Così avevo cominciato a fare domande in giro.

Mi avevano detto, innanzitutto, che il paesino si chiamava così perché probabilmente il monaco benedettino Salvius (poi promosso a santo, va da sé) aveva dato il nome al monastero che avevano costruito da quelle parti e, di conseguenza, il nucleo di case circostanti - poi diventato l'attuale comune - l'aveva ereditato. Va bene, avevo pensato. Ci può stare. Ma allora ci sarà anche una bella festa in suo onore, no?

No.

Il mio stupore era stato senza fine nello scoprire che né San Salvo, né San Nicola erano i santi patroni del paese. C'era un terzo santo, San Vitale!!

Le luci ai lati dell'Autostrada erano sempre di meno, ma io non le guardavo quasi più, perso in un'improvvisa riflessione: mi chiedevo se esitesse anche un rapporto strettamente matematico in quella famosa espressione del popolo di "santi, poeti e navigatori". Pensavo, cioè: per ogni santo di un paese ci devono essere UN poeta e UN navigatore? O i poeti e - soprattutto - i navigatori (che in un paese alle porte del mare come San Salvo, ad esempio, servono decisamente di più) sono calcolati con una formula di moltiplicazione? Perché, se il calcolo era esponenziale, con TRE santi ufficiali ci dovevano essere un mucchio di poeti, e di navigatori, da quelle parti.

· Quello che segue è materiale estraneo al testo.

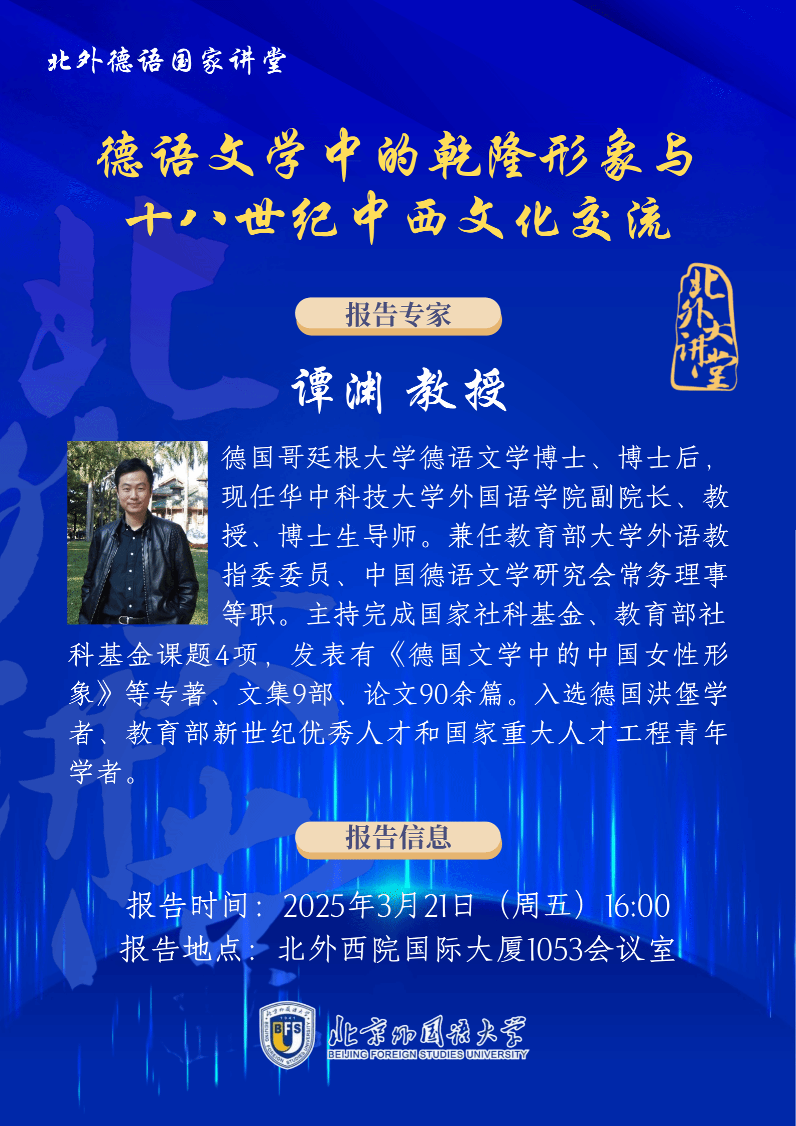 讲座预告 |德语国家讲堂: 德语文学中的乾隆形象与十八世纪中西文化交流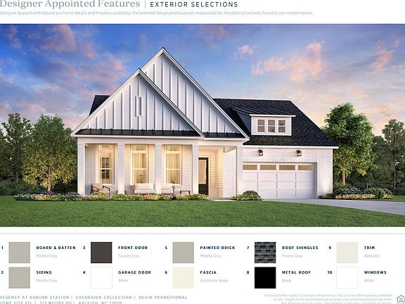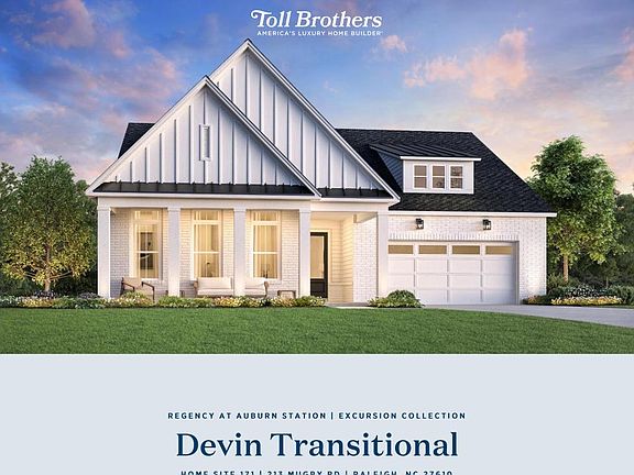 This stunning Devin Transitional model is part of the highly sought-after Excursion Collection at Regency at Auburn Station, a premier 55+ active adult community located in the heart of Raleigh, NC. Designed for comfort and versatility, this home boasts a well-thought-out floor plan with a main level and an optional second-floor loft that adds valuable living space. The second floor features an additional bedroom and full bathroom, providing the perfect setup for guests, family members, or a quiet retreat. The spacious layout includes a large family room, a casual dining area, and a chef-inspired kitchen with top-of-the-line stainless steel appliances, a massive island, and granite countertops. This layout is perfect for both day-to-day living and entertaining guests. The primary bedroom suite is designed as a luxurious retreat, featuring a walk-in closet and a spa-like en-suite bath with a dual vanity and a separate walk-in shower. Enjoy the outdoors on your private covered patio, ideal for relaxing or hosting gatherings with family and friends. Disclaimer: Photos are images only and should not be relied upon to confirm applicable features.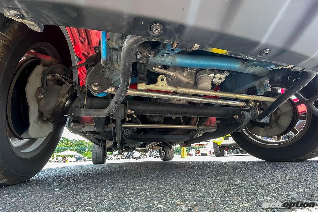 足回りはオリジナルの前後50mmダウンサス(F6kg/mm R5kg/mm)でセットアップ。車高はサーキットで縁石をまたぐようなシーンまで想定した設定だ。また、駆動系はフロントのトランスファーを撤去し、完全FR仕様としているのもポイントだ。
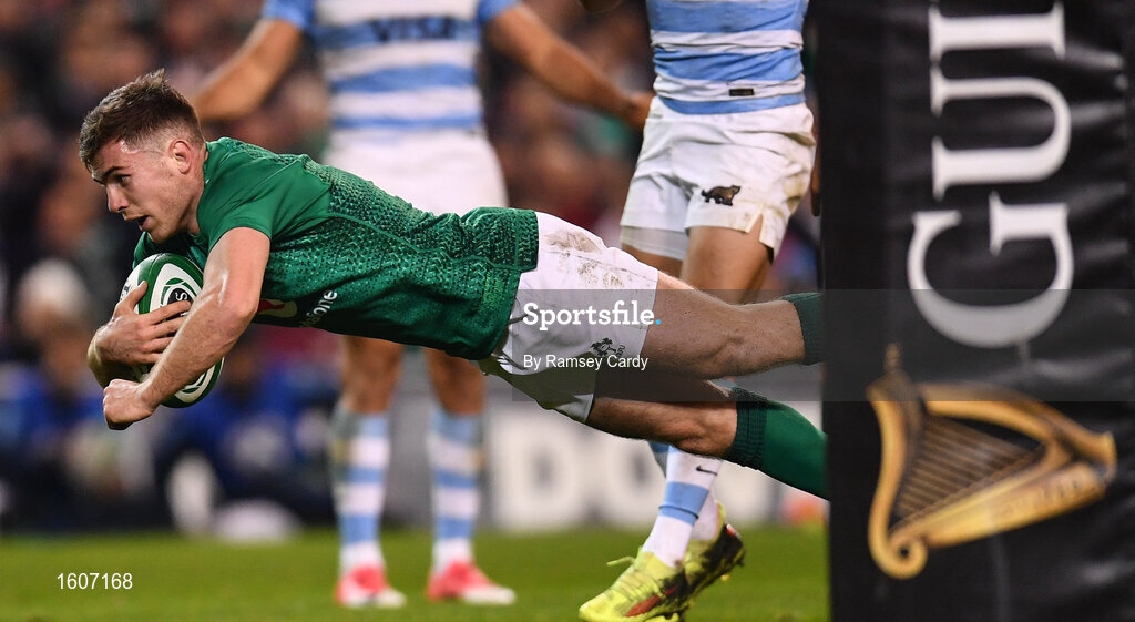 10 November 2018; Luke McGrath of Ireland dives over to score his side's third try during the Guinness Series International match between Ireland and Argentina at the Aviva Stadium in Dublin. Photo by Ramsey Cardy/Sportsfile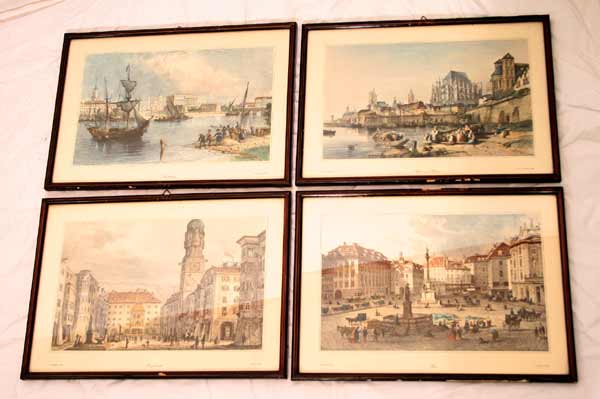 4 antike Farb Kunstdrucke / Wien / Köln / Insbruck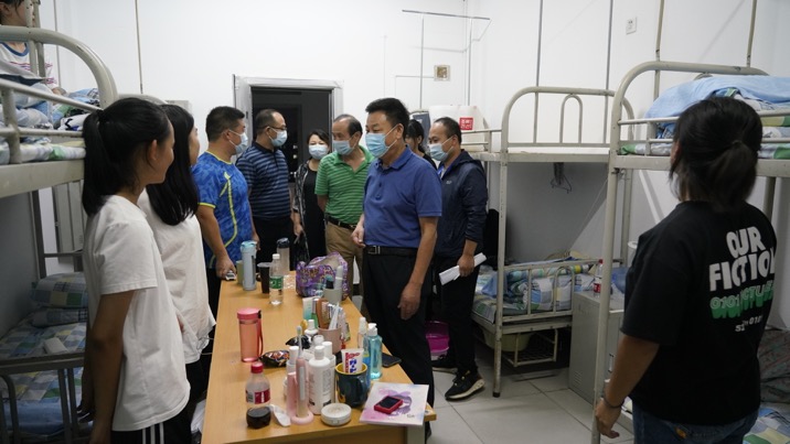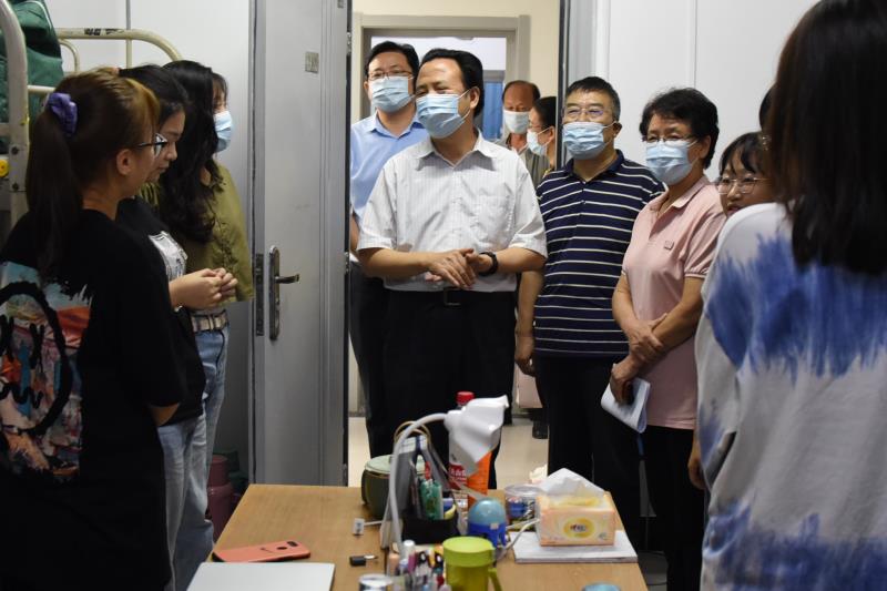 晚上7:00,校长张义明、党委书记温锋、常务副校长李望国、副校长吴俊林、李宗领、温小郑、唐明晰带领党政办、学生处、招生办等职能部门负责人、各二级学院院长、2020级本科辅导员深入宿舍楼看望新生。校领导首先向新生表示祝贺,祝贺他们成为光荣的大学生,然后详细询问学生的饮食、起居问题,叮嘱他们做好疫情防控工作,做好个人防护,希望大家尽快调整心态,尽快融入陕服大家庭,尽快适应大学生活,刻苦学习,不负青春,学到一身本领为祖国建设做贡献。校领导还叮嘱辅导员和宿管要像关心自己的亲人和孩子一样关心新同学,解决他们的实际困难,为他们创造一个舒心的生活环境。

Allora mi sono chiesto se io avessi umilmente contribuito, almeno per quella sera, a rimpinguare una delle tre categorie, magari aiutato dai versi di Kevin Young e Rick Moody, che mi accompagnano in "Overture" e "Pioggia di Stelle", due dei tre pezzi che compongono il mio set. E subito dopo ho pensato che di sicuro Paola, dopo di me, da esperta navigatrice di palchi e - soprattutto - di emozioni, aveva traghettato il pubblico con rotta ferma e sicura tra le onde delle sue canzoni. Insomma, tra me e lei il nostro apporto l'avevamo dato, magari anche solo metaforicamente, per provare a bilanciare il peso di tutti quei santi. Mi sentivo con la coscienza a posto. 

E poi, proprio sul più bello, mentre cominciavo a traslare l'innovativa formula appena scoperta sulla mia Caserta natia - in cerca non tanto di santi, quanto di poeti e navigatori - le luci dell'autostrada mi sono sembrate sparire.
O forse, probabilmente, dormivo. Già da un po'.